Innovative character
The first innovation of Revulving is to offer a mediation toolkit in a field where scarcely anything has been designed for the general public. Teachers interviewed have voiced frustration from the lack of available tools to support captivating and non-moralizing sexual education courses. More generally, women interviewed explained suffering from the lack of explanations when consulting a health professional.
To allow for a broader distribution the kit will be packaged in 2 formats:
- a ready-made educational package, handmade in France, which most doctors and teachers prefer
- free, open source blueprints to make your own kit at a lesser cost, anywhere in the world. This kit is easily replicable with recovered items and sewn elements.
Currently, for want of a better alternative, sexual education practicians are using anatomical figures or sextoys as teaching tools. Both are unappropriate. Current anatomical objects have been thought as a means to teach the subject to future health professionals. They have been designed to look like real bodies and real organs. Visually, they are showing too many details, are more complicated to understand for the general public and can generate discomfort among audiences.

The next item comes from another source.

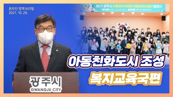 신동헌 광주시장은 29일 온라인 시정브리핑을 발표했다.이날 브리핑에서는 복지교육국의 역점사업인 ‘유니세프 아동친화도시’ 조성사업 추진 계획을 밝혔다.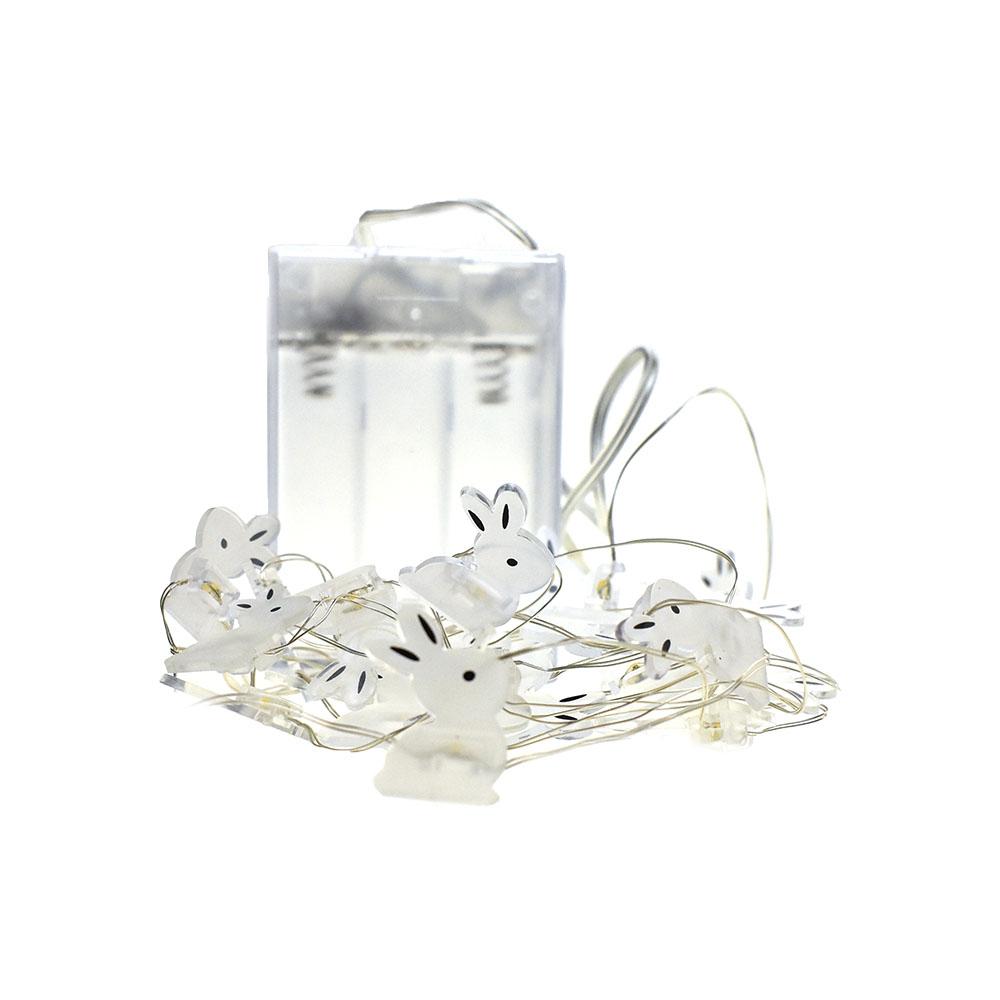 Light up any room, accessories, DIY projects, and more your way with this set of unique, patterned string lights! This set includes 20 LED lights shaped like bunnies, perfect for the Spring season. These lights require three AA batteries (not included) to operate.

As for sextoys, they are visually aiming at displaying performance, play and technique. Using them as an educational tool can generate exclusion, inhibitions and complexes.
The Revulving kit is also innovative because it reveals organs which have been deliberately unshown, hidden or mis-represented for centuries as a counter-shape to male genitalia. Revulving was born in march 2017, and is clearly in line with the grievances of the Metoo movement. It isn’t easy to talk about sexual aggression or harassment. To a lesser extent, it’s also not easy to pronounce the words vulva, vagina, clitoris, menstruation, vaginal discharge… Yet it is the daily life of more than half of the world’s population.